Die Besonderheit der deutschen Bankenkrise von 1931 ist das Zusammentreffen einer auswärtigen Finanz- und Schuldenkrise mit den politischen Verstrickungen des Reparationskonflikts. Die Frage nach möglichen Rettungsversuchen durch weitere internationale Kredite ist unterschiedlich bewertet worden. Skepsis bleibt angebracht, da Deutschland strukturell im Ausland überschuldet war und nur die Modalitäten einer Schuldenstreichung Verhandlungsgegenstand sein konnten, nicht aber die Wiederaufnahme der deutschen Zahlungen. Zuletzt gelang es der deutschen Seite, die auswärtigen Verpflichtungen fast vollständig abzuschütteln, womit am Ende der Weltwirtschaftskrise ein Schuldenstand von etwa 20 Prozent des US-Sozialprodukts von 1929 ausradiert wurde. Relativ zur amerikanischen Wirtschaftsleistung schlägt allein dieses Kapitel der damaligen Finanzkrise stärker zu Buche als die gegenwärtige US-Hypothekenkrise.

Fußnoten

7.
Vgl.
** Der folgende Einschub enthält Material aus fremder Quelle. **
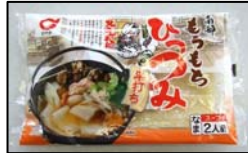
南部もちもちひつつみ （株）小川製麺

小麦粉を練って作ったひつつみは、「もちもち」とした食感です。季節の野菜と一緒に煮込み、岩手南部郷土の味をお楽しみください。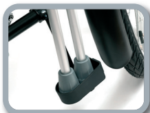
E6 - Soporte para muletas

Milton Friedman/Anna Schwartz, A Monetary History of the United States 1867 - 1960, Princeton 1963.
8.
Einflussreich hierzu Ben Bernanke, Essays on the Great Depression, Princeton 2000.
9.
Zum Folgenden vgl. Harold James, Deutschland in der Weltwirtschaftskrise 1924 - 1936, Stuttgart 1988; Albrecht Ritschl, Deutschlands Krise und Konjunktur 1924 - 1934, Berlin 2002.